夏 百群 3

翌日。

自室から出ると、部屋の前の廊下で指輪がにこやかに鈴蘭を待っていた。

「おはようございます、鈴蘭さま。今日はいつもに増して輝いていますね。」

相変わらず歯の浮くようなことを言う。

「怖いから部屋の前で待たないでってば!」

「鈴蘭さまの十六歳のお誕生日を誰よりも先に直接お祝いしたかったものですから。」

指輪がしれっと言う。

「これは心ばかりの品ですが、鈴蘭さまに受け取っていただけると、天にも昇る気持ちです。」

「いちいち重い…。」

指輪が差し出した包みを開けると、薄い緑色の小ビンが出てきた。蓋の上部には丸いクリスタルがついており、ビンの首の部分にはすずらんを模した布のアクセサリーがまきつけられている。ゲランのミュゲという香水だった。

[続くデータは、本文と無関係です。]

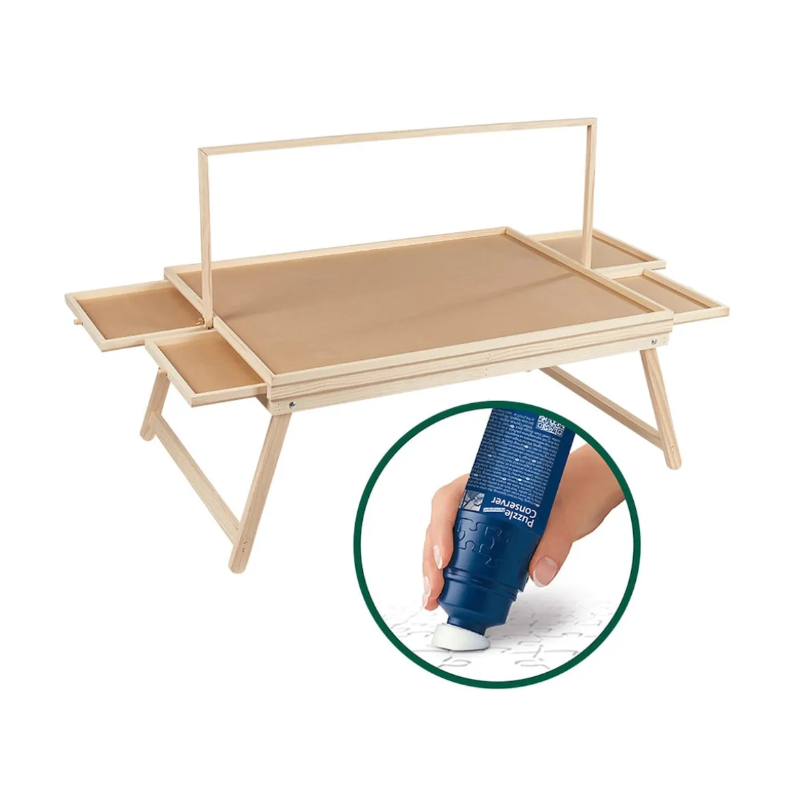 Besonders praktisch: Sie können den Tisch mitsamt angefangenem Puzzle problemlos an einen anderen Ort tragen, ohne Teile wegräumen oder den Fortschritt verlieren zu müssen. So bleibt alles an seinem Platz und Sie können jederzeit flexibel weiterpuzzeln.

「今年はまだ日本では発売されてないのによく手に入ったね。」

「海外の知り合いに手に入れてもらったんです。鈴蘭さまは、すずらんの香水を集めていらっしゃるでしょう。ぜひ、コレクションに加えていただければ、と。

それと、こちらは僕のお手製です。」

そう言って指輪が差し出したのは白くて丸い石の固まりだった。風生家の家紋とすずらんの花が彫られている。

「アロマストーンです。石膏でできていて、香水の香りを染み込ませて持ち運ぶことができるんですよ。鈴蘭さまがお勉強するときの気分転換にいいかと思い、心を込めて作りました。ストラップもつけてあるので、鞄に着けていただけると嬉しいです。」

指輪に促され、ミュゲを開封してアロマストーンに吹きかけてみる。早朝にすずらんの花畑を訪れたかのようなフレッシュで瑞々しい香りが広がる。

「わっ、いい香り。」

「気に入ってもらえて嬉しいです。鈴蘭さまにとてもお似合いの香りですね。」

指輪がにこにこと言う。

「あ、ありがとう…。」

鈴蘭が少し頬を染めてはにかみながらお礼を言うと、指輪は肩を震わせながら

「これにして本当によかった…っ」

と呟いていた。

その後、指輪からしつこく乞われ、アロマストーンを今日持っていく鞄に取り付けさせられた。